Groene ammoniak zou bijvoorbeeld de kunstmestindustrie kunnen decarboniseren, terwijl groene methanol als basis zou kunnen dienen voor het produceren van e-kerosine in de luchtvaartsector. “Een andere opkomende markt is die van de grote olietankers, uitgerust met elektrolyseapparaten”, voegt Ernst eraan toe. “Er beginnen grote orders voor meerdere gigawatts binnen te komen. Waterstof is de toekomst voor dat soort industrieën, die grote marges maken en hun imago moeten verbeteren.”
Het probleem is dat de productie van dat soort moleculen waarschijnlijk beperkt zal zijn op Europese bodem. “Simpelweg omdat het niet concurrerend zal zijn in vergelijking met regio’s waar groene energie vrijwel gratis is”, zegt Damien Ernst. “En de vraag zal zwak zijn in Europa, met uitzondering van een paar raffinaderijen. Ik geloof dus niet in een Europees transportnetwerk voor waterstof.”
Vraag en aanbod onzeker
En toch houden Europa en België vol. Onlangs lanceerde Fluxys, de operator van het toekomstige waterstofnetwerk in België, een projectoproep met het Franse GRTgaz, met als doel een leiding van 150 kilometer aan te leggen tussen Duinkerke en industriële centra in Gent en Antwerpen.

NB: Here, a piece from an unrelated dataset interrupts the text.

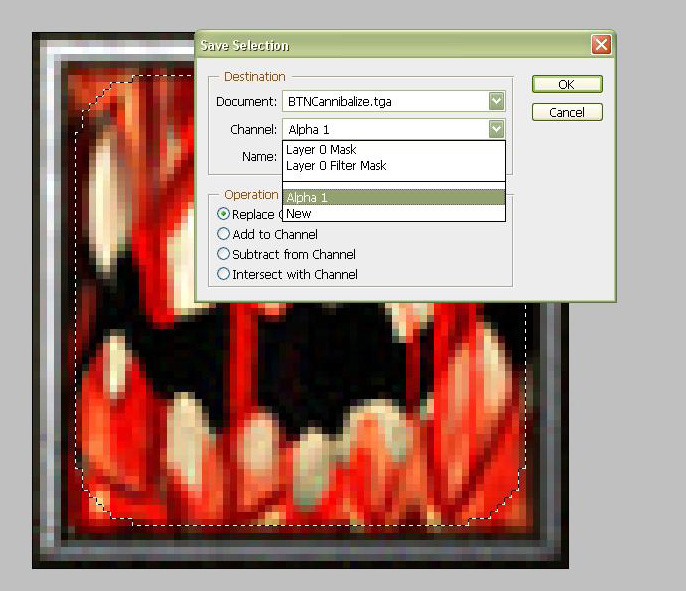 - Далее нам нужно заменить созданный только что альфа канал по нашему выделению. Следуем Select->Save Selection...(Выделение->Сохранить выделение...) и сохраняем как Channel: Alpha 1 (Канал: Альфа 1) и ставим галочку на Replace Channel(Заменить канал).

‘Sommige spelers zullen geen andere keuze hebben dan waterstof te gebruiken om koolstofvrij te worden’
Marc Tilmant (essenscia)
Maar tot nu is er nog geen aanbod gekomen. Zowel infrastructuurontwikkelaars als fabrikanten zijn op zoek naar precieze volumes. Het is onmogelijk een bedrijfsmodel voor te stellen wanneer vraag en aanbod zo onzeker zijn. “Industriële gebruikers weten niet wat de transportkosten zullen zijn”, legt Marc Tilmant uit, energie-expert bij essenscia, de Belgische federatie voor chemie en biowetenschappen. “Ze weten alleen dat groene waterstof duurder is dan blauwe waterstof, die weer duurder is dan grijze waterstof. Kortom, fabrikanten zeggen dat ze geïnteresseerd zijn, maar ze weten niet tegen welke prijs. Dan is het moeilijk een businesscase op te stellen.”

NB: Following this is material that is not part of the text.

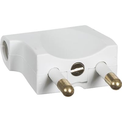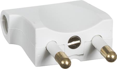 Hanstik 250V flad, vinkel, uden jord. Anvendes til montage på ledning og passer til runde hunstik. Med isolerede stikben.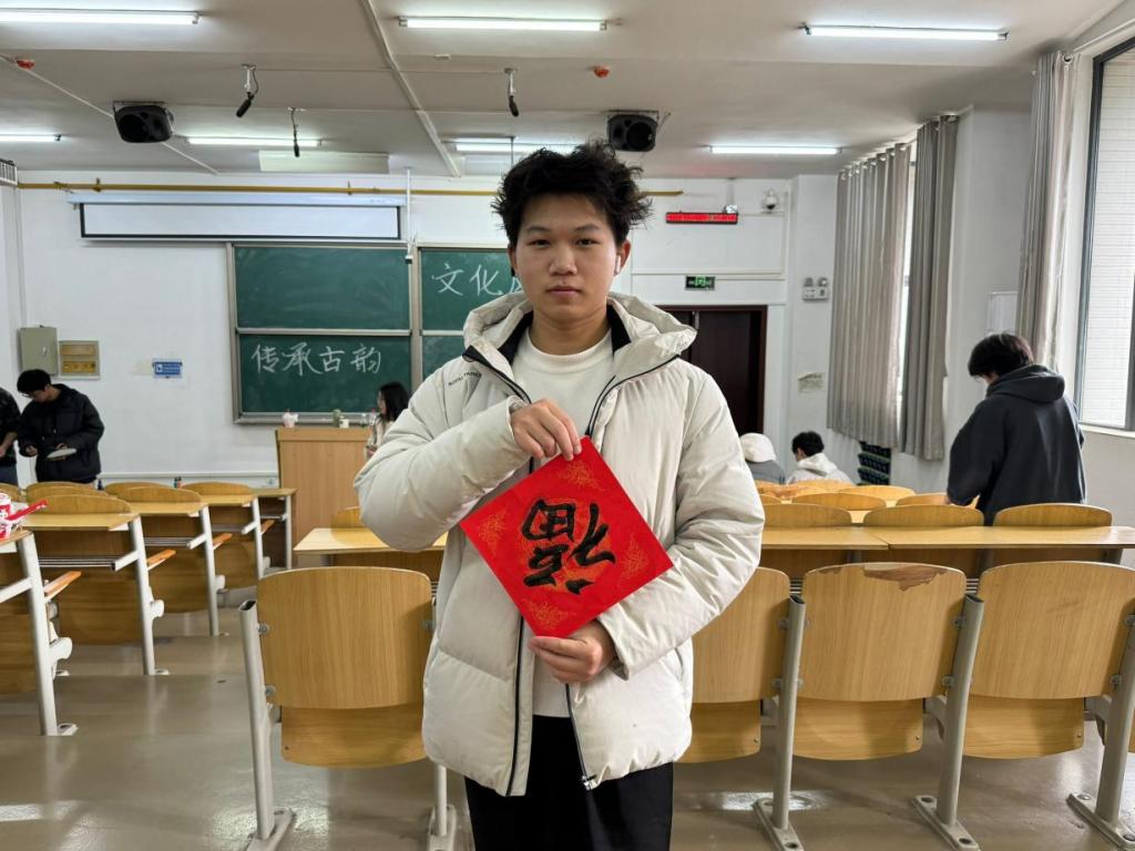 另一边,剪窗花的桌子围满了好奇的同学。大家手持剪刀,沿着折叠好的纸张边缘小心裁剪。不一会儿,一幅幅精美的窗花作品便诞生了:有象征吉祥的福字,有灵动的动物,还有寓意美好的花卉图案。这些鲜艳的窗花贴在窗户上,为校园装点出浓浓的传统节日氛围。

Op dit moment zetten veel specialisten vraagtekens bij de verhouding tussen de baten en het risico van waterstof. In een recent artikel gepubliceerd op The Conversation, gelooft Aurore Richel, professor in de chemie van hernieuwbare energie aan de Universiteit van Luik, dat het gebruik van waterstof “als brandstof voor bussen of treinen, of voor verwarmingssystemen, niet geschikt is. In veel sectoren zijn een directe elektrificatie of de opslag in stationaire batterijen efficiëntere opties dan waterstof”.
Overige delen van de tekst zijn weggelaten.